Primary gastrointestinal lymphoma (PGL) is a rare condition that rarely affects the small intestine. According to the diagnostic criteria established by Dawson et al [4], PGL should satisfy the following conditions: 1) no involvement of superficial lymph nodes, 2) no enlargement of mediastinal lymph nodes by chest X-ray, 3) no abnormal white blood cells in peripheral blood smear, 4) lesion limited to the gastrointestinal tract, and metastasis, if present, limited to the regional lymph nodes, and 5) no tumors in the liver or spleen. Based on these criteria, our patient was diagnosed with PGL after the emergency operation.

PGLs account for 30% of extranodal lymphomas, second most common after the lymphoma of Waldeyer’s ring [5]. Within the gastrointestinal tract, PGL affects the stomach, small intestine, and colon in 57-64%, 10-31%, and 3-15% of the cases, respectively [5]. Almost all small intestinal lymphomas are derived from B cells, whereas those with a T-cell origin are relatively rare, accounting for less than 10% of PGLs [1].

The major symptom of small intestinal lymphoma at presentation is abdominal pain followed by intestinal perforation. Macroscopically, primary small intestinal malignant lymphoma is classified into four types: 1) polypoid, 2) ulcerative, 3) aneurysmal, and 4) constrictive. Among these, the ulcerative type is most prone to aggressive proliferation, which leads to destruction of all intestinal layers with comparatively less connective tissue proliferation, and ultimately, leading to easy perforation.

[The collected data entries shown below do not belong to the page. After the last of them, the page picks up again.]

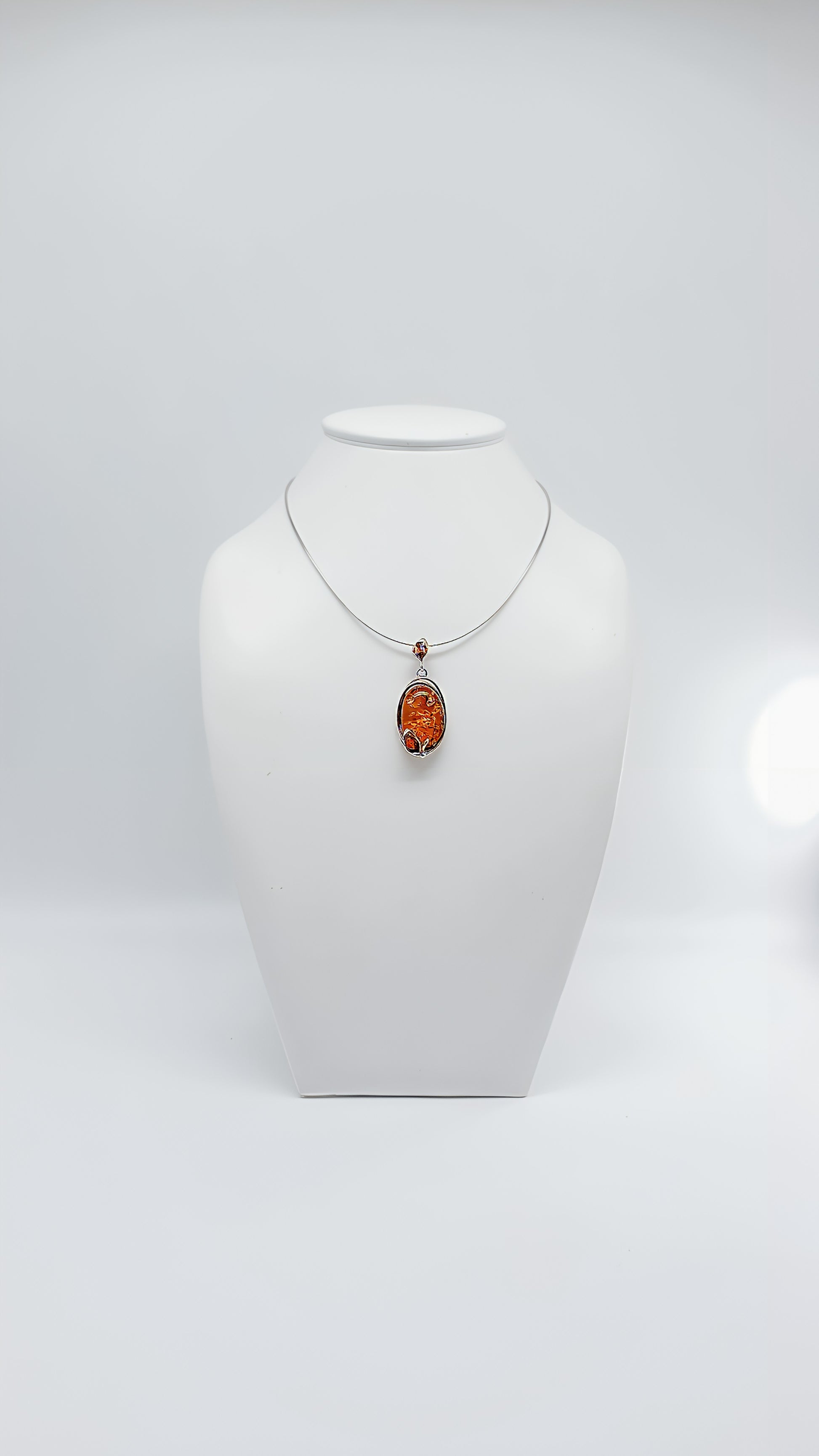 Dieser exquisite Anhänger aus 925er Sterlingsilber, verziert mit einem leuchtend orangen Bernstein, ist ein echtes Kunstwerk. Das elegante Design kombiniert moderne und traditionelle Elemente, die den tiefen, warmen Farbton des Bernsteins betonen. Jedes Schmuckstück ist ein Unikat, das die Faszination und Wärme dieses besonderen Steins widerspiegelt. Dieser Anhänger ist ideal für alle, die Schmuck mit Charakter und einer Geschichte schätzen.
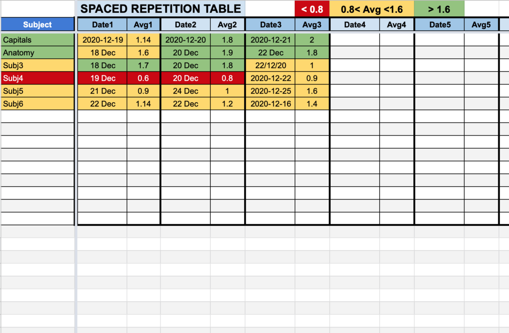- Colour Coded Tracking of your Progress (Spaced Repetition)
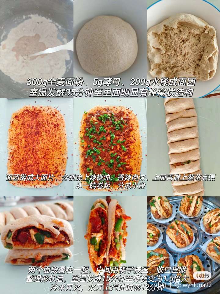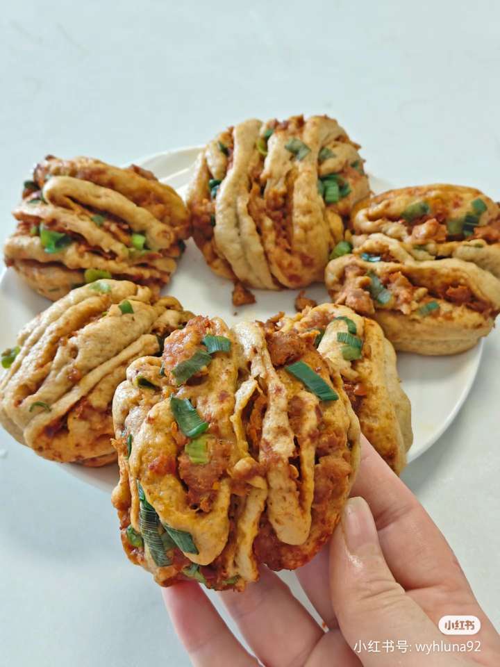 粗粮也能这么好吃!来做全麦香辣肉沫花卷!
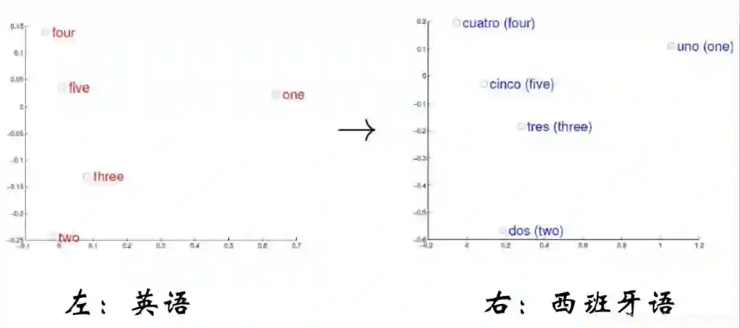 如上图英语和西班牙语映射到语义空间,语义相同的数字他们在语义空间分布的位置是相同的
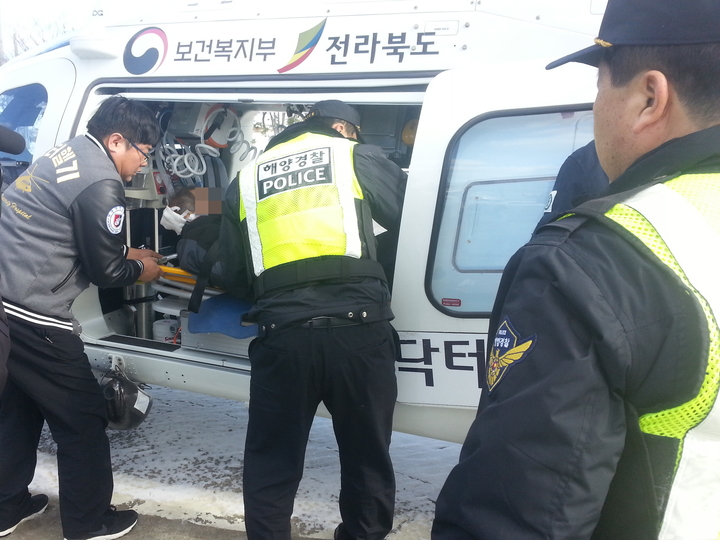 부안해경은 13일 오전 11시 24분경 부안군 위도면 식도에서 그물정리 작업중 그물위에서 떨어져 뒷머리를 다친 환자가 있다는 신고를 받고 위도파출소 경찰관, 경비함정, 민간해양구조선, 닥터 헬기를 현장에 급파했다고 전했다.
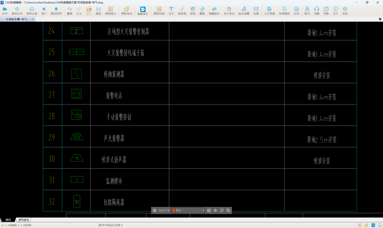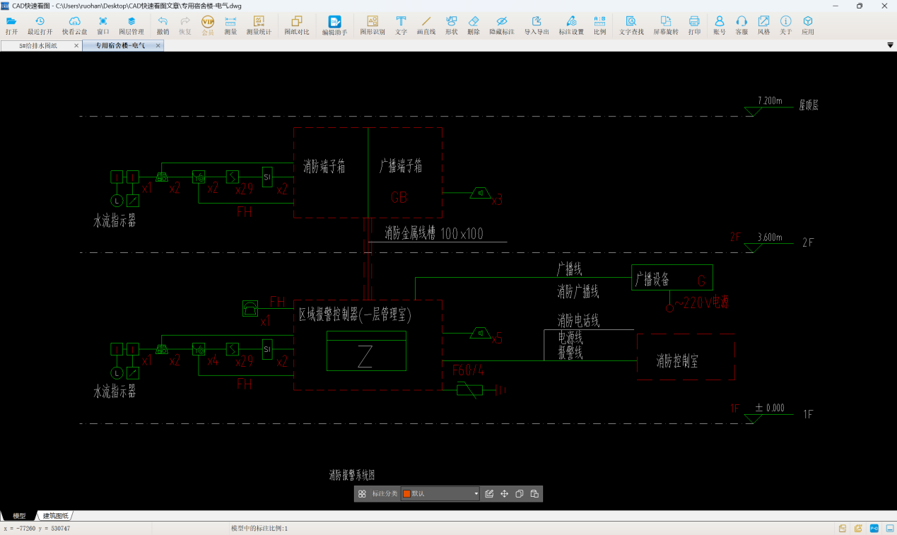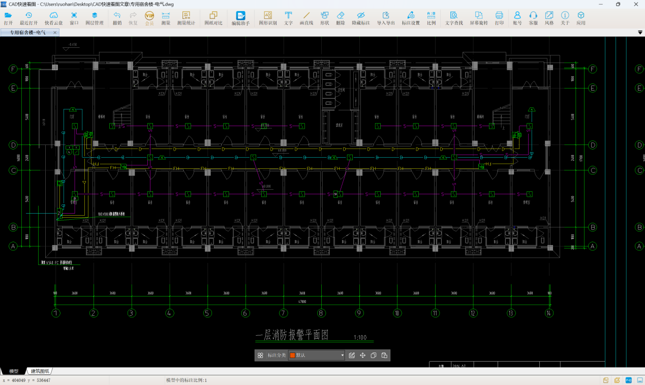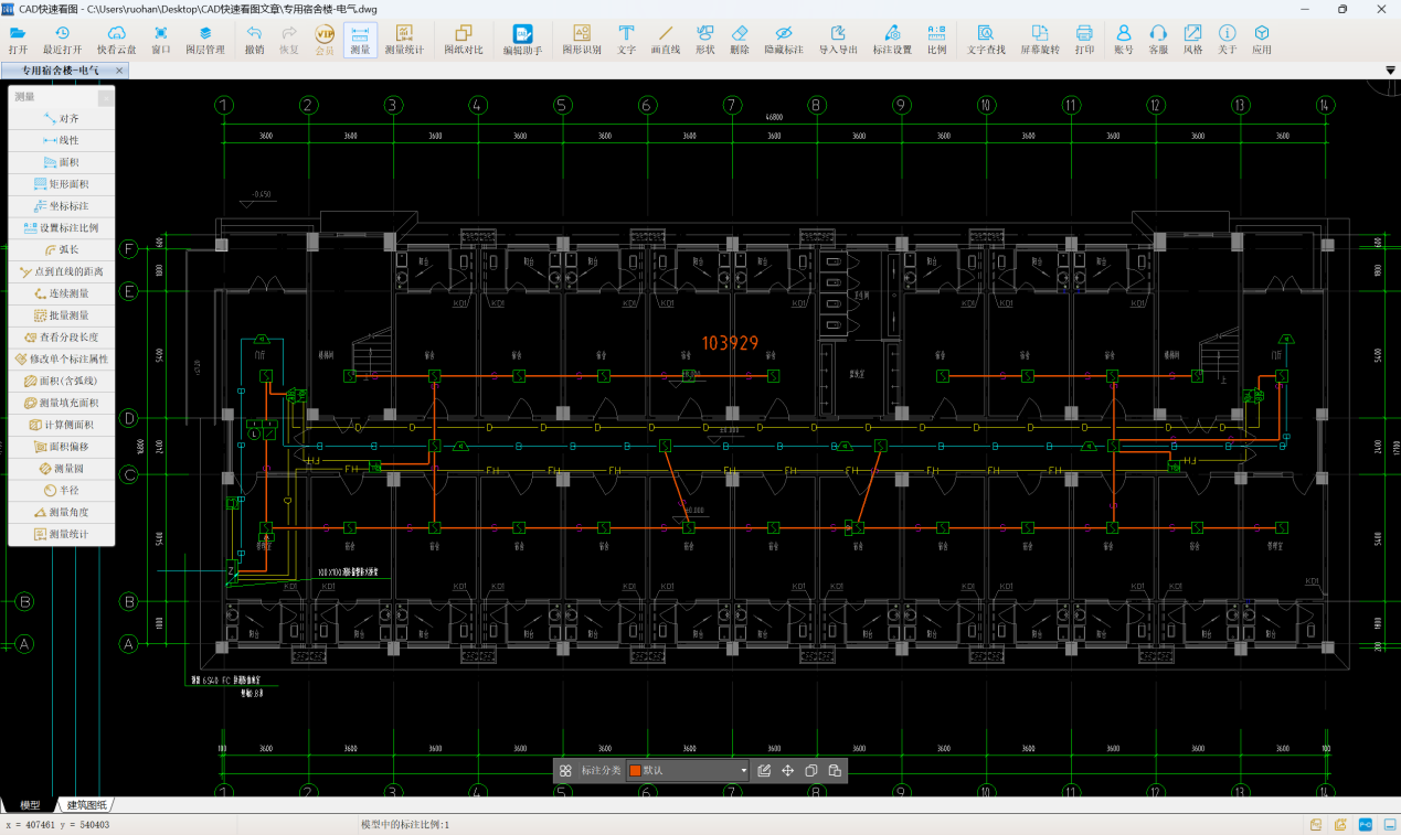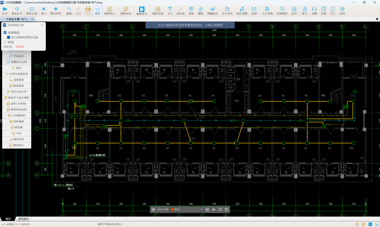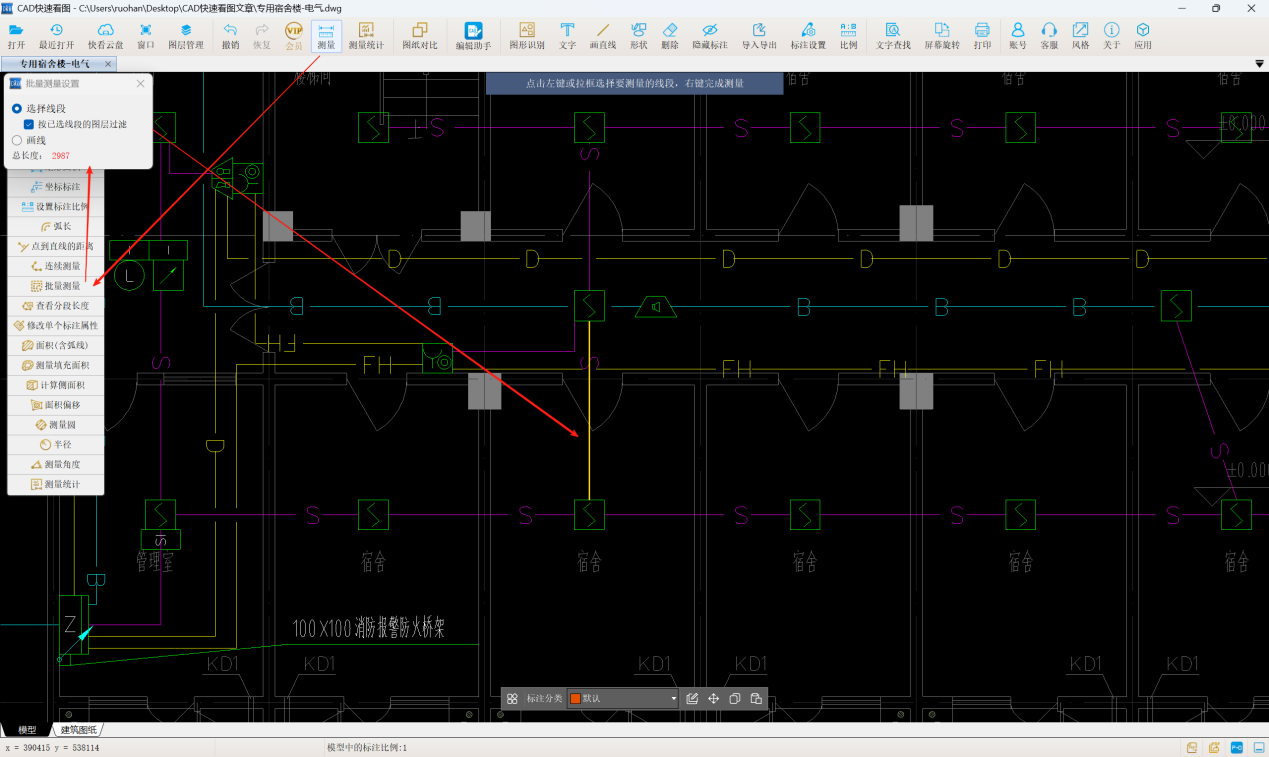 消防電安裝圖紙上會涉及多條管線,一個個量取匯總比較麻煩,CAD快速看圖的【批量測量】功能可以批量量取相同導管長度,直接測量匯總長度,節(jié)省匯總時間。
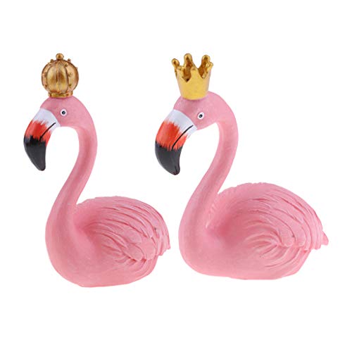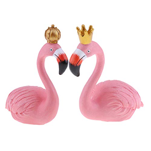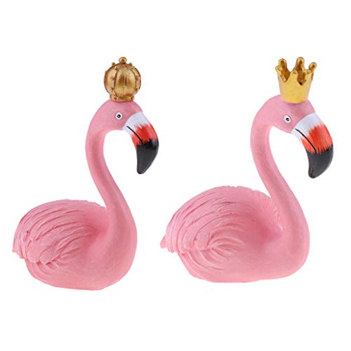 B Blesiya 2点セット フラミンゴ置物 キング&クイーン インテリア ガーデン 芝生 装飾品 樹脂 ピンク 贈り物 - L
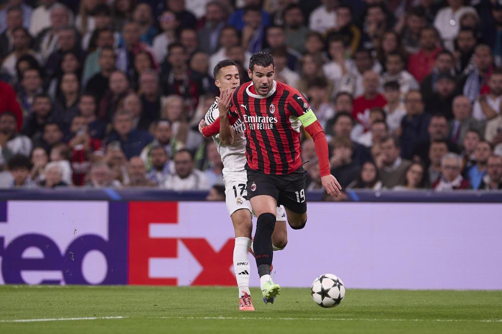 Madrid, UEFA Champions League 2024-2025, Real Madrid CF-AC Milan, giocata allo stadio Santiago Bernabeu. Nella foto: Theo Hernandez e Lucas Vazquez
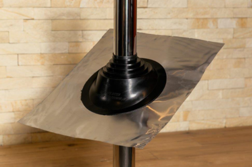 Flashing ensures a watertight seal where the flue exits the roof. Hydrofire explains that flashing selection must match roof pitch and roofing material to prevent leaks.
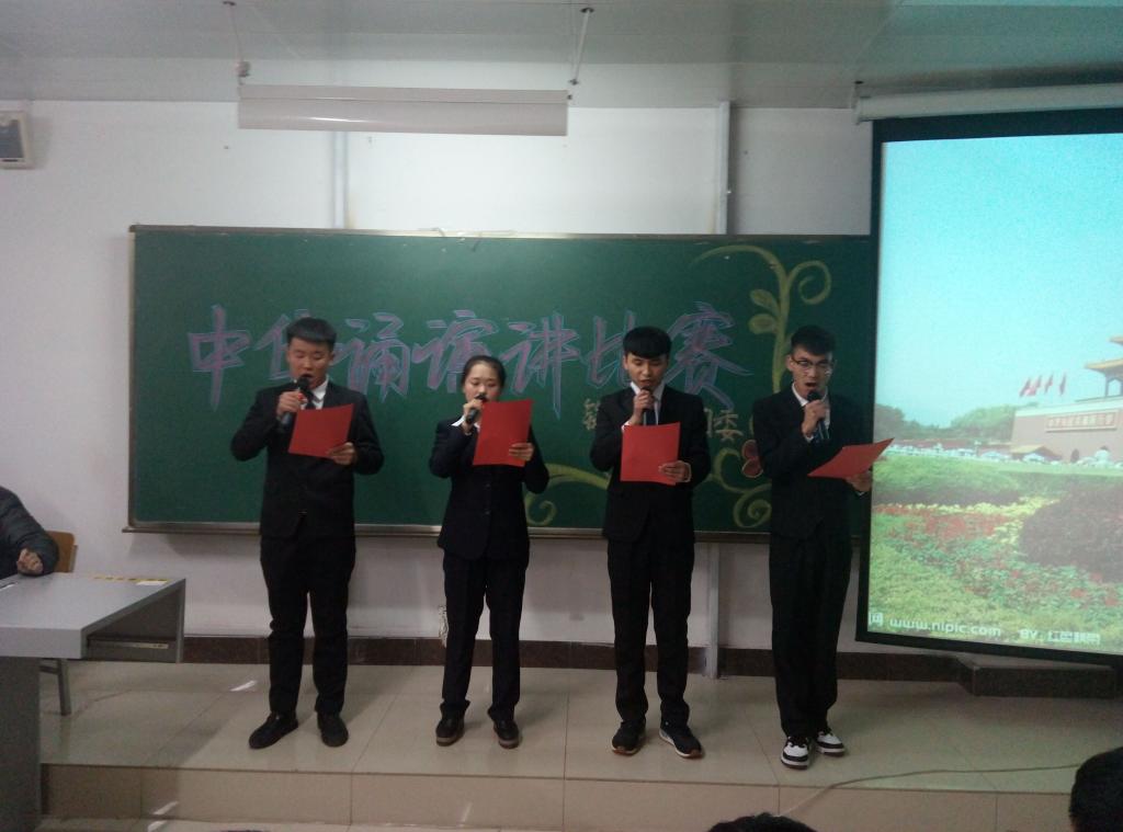 比赛中,参赛选手们身穿黑色西服,容光焕发,通过精心筹备,他们通过充满诗意的音乐和图文结合等创意形式歌颂着中华大地,用洪亮的声音朗读着对祖国的赞歌,声情并茂的讲述中华文化,中国历史,时代精神。经过一番激烈的角逐,最终,桥隧1601班的李小村拔得头筹,道桥1601班获得团体赛一等奖。

According to Naqvi et al [6], standardized treatment of PIML includes local resection of the lesion along with lymph node resection in stage I and II patients, and chemotherapy and radiotherapy in stage III and IV patients. Our case was diagnosed as stage III; however, as this patient initially presented with intestinal perforation, emergency surgery preceded chemotherapy.

Shoji et al [7] reviewed 22 cases of perforated T-cell lymphoma of the small intestine; the average age was 53 years, male-to-female ratio was 2:1, and the most commonly affected sites were jejunum followed by ileum and duodenum. In some cases, T-cell lymphoma occurs in multiple sites in the intestines, including the duodenum, jejunum, and ileum, which can be attributable to the histological location of T cells; they are found in the outer layers of the mantle zone in lymph nodules that reside in the lamina propria of mucous membranes. T cells proliferate diffusely and progress with mucosal invasion along the Peyer’s patch. The prognosis of perforated T-cell lymphoma was reported to be very poor, ranging from 3 days to 15 months, and all reported cases underwent surgical resection followed by postoperative chemotherapy. Prognostic factors in PIMLs are determined by clinical staging, immunophenotyping of T- and B- cells, and the extent of resection. Intestinal perforation is associated with worse prognosis; thus, proper diagnosis and treatment before perforation is desired for improved prognosis. Our patient presented with small intestinal obstruction 3 months before the perforation, and the underlying cause was not known. Further examination and a more thorough discussion to explore the etiology at that time would have allowed earlier detection of the small intestinal lymphoma. It should also be noted that administration of prednisolone without proper diagnosis most likely deteriorated pulmonary tuberculosis as well as small intestinal ulceration, which might have resulted in its perforation.

We herein report a patient with primary small intestinal T-cell lymphoma with intestinal perforation as the presenting symptom. Albeit rare, PIMLs may present with intestinal perforation, and their early diagnosis is critical due to poor prognosis in cases with perforation.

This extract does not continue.